On the one hand, it is far easier for the LDS Church to officially change in any area, big or small; all it requires is an announcement by the Church’s President or those who speak for him at a general conference or via some other official means. But the LDS leadership will do this only on rare occasions and for issues they deem to be of great importance. On the other hand, it is comparatively easy for individual evangelicals, institutions, parachurch movements, and even entire denominations (especially small ones) to change, even on major issues, through formal and informal politicking, often initiated at the grass-roots level. But with no one to impose such changes on the entire movement, with only a loose unity (and at times not even that) and a loosely defined unity among the various branches of the movement, seemingly unending diversity of opinion accompanied by rancorous struggles among competing camps can afflict Evangelicalism for decades on end (witness the ongoing gender-role conflicts as a classic example).

What has resulted from the evangelical-Mormon dialogues of the last fifteen or so years? How successful have they been? Usually one answers questions like those in terms of goals fulfilled. If that criterion is applied here, then the gatherings have been wildly successful because, to my knowledge, goals have been deliberately quite modest. One is reminded of reports of East-West diplomacy at the height of the Cold War. Sometimes a victory was simply agreeing to meet again, and news reports commented merely that “frank and open discussions were held.” I doubt things have ever been quite that bleak with us.

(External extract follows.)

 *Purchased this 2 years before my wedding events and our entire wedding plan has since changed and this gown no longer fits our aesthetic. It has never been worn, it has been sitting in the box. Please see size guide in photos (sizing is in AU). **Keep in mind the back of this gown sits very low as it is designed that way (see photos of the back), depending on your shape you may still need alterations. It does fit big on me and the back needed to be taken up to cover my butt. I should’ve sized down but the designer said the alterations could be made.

Instead, especially in the earliest years, we went into our meetings not hoping to resolve some conflict, nor expecting to convert anyone to our points of view, but merely for building friendships, goodwill, trust, and mutual understanding. Evangelicals had met with and even published the results of dialogues with Catholics, liberal Protestants, Jews, Muslims, Hindus, Buddhists, and even such fringe groups as the Unification Church led by Sun Myung Moon, but where were any comparable efforts, at least within the last half century, with The Church of Jesus Christ of Latter-day Saints? Mormons regularly invited more liberal Christian scholars, Jews, and Muslims (and no doubt others) to conferences at Brigham Young and participated in groups like SBL and AAR both nationally and regionally, including in deliberately arranged pluralistic settings, but, apart from the individual personal friend of someone or the other, when were evangelicals en bloc given any attention or invited to participate in these events? Now, all this has changed and hopefully not just in the short run.

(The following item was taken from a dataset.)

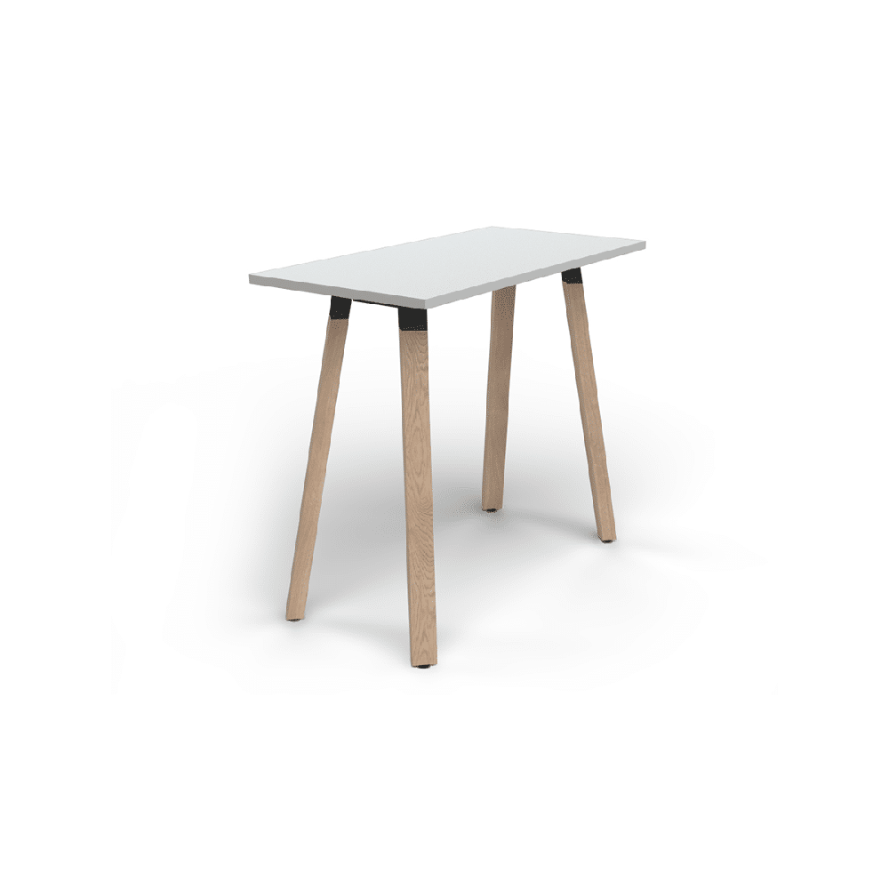 Plantation bar leaner is perfect for adding a natural timber finish in your breakout spaces. 1050mm worktop height with black powdercoat frame connection parts.

But has anything more happened on the North American religious landscape worthy of the kind of full-scale scholarly scrutiny conventionally associated with the American Academy of Religion? Have the seeds been planted deeply enough in good soil so that fruit will inevitably flourish that actually changes the face of either Mormonism or Evangelicalism on this continent and perhaps beyond? Or if that seems far too ambitious, have seeds been planted that will at least change the perception of one or both groups about each other in any widespread fashion? I personally believe the answer to the second question is yes and the answer to the first question is, it’s too early to tell. But as we all know, unexpected developments, including larger world events, can quickly move us in entirely unanticipated directions, positively and negatively, forward and backward. So the sanest answer, no doubt, is to say that we must wait to see.